Both the voice and the looks are dark and handsome, and his technique is solid with a ringing secure top.  He doesn’t go very deep as an interpreter, and his style is rather American regional B lister rather than international artiste. (I admired Tetelman’s acting as Pinkerton where he was unafraid to bring out the louche and manipulative aspects of the character.)  He has good, unaffected English diction and can sound natural crossing over into pop, Broadway, and jazz (he’s a former DJ).  In some of the pop pieces Tetelman went for the foreign language text – he sang “D’Habitude” in excellent French that bodes well for his upcoming debuts in the title roles of Faust and Werther in Europe. Parla più piano by Nino Rota showed again how much film scores owe to Puccini and verismo. His encore of “Nessun Dorma” was rousingly sung with real spinto thrust and color.  He can cross over without embarrassing himself and the audience responded well to him.  As a popular concert attraction, he shows definite potential.

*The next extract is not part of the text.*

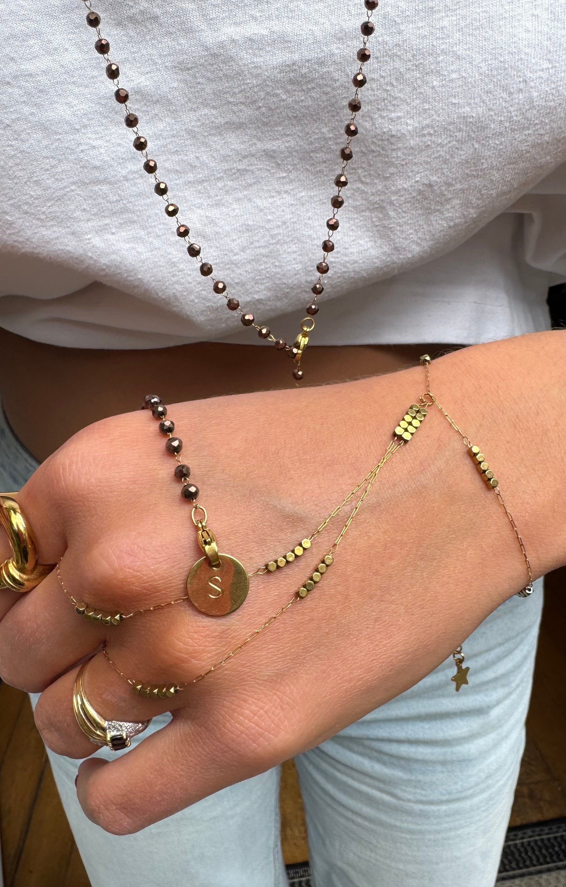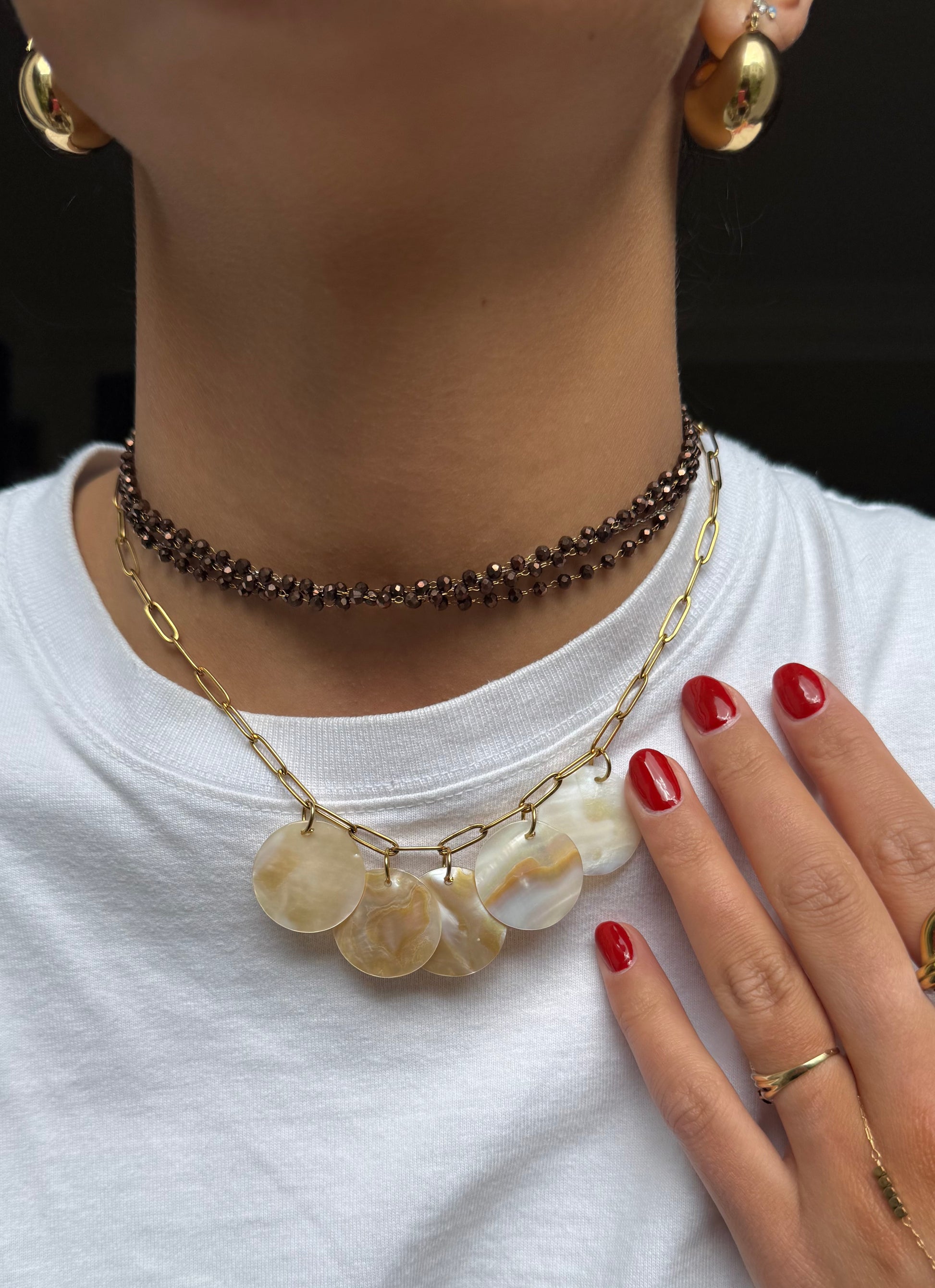 Le bijou « brown » peut se porter de différentes façons grâce à ses deux fermoirs aux extrémités, en sautoir, en collier, en bracelet, en chaîne de ventre ou en encore en ras de cou.

I think Williams is more a natural for a smaller cabaret room; he seemed a bit swamped and lost in a crowd on the Carnegie Hall stage despite great ability. He also doesn’t seem comfortable speaking in public and did not interact much. Tetelman, who comes from opera, was better at working a big room as a star.  Williams seemed to be part of the ensemble a lot of the time, which is no aspersion on his musical ability or talent.

Unger might be better at showcasing his performers if he cut down a bit on the three-ring circus aspect removing all the guest performers. Keep it simple and put the music first.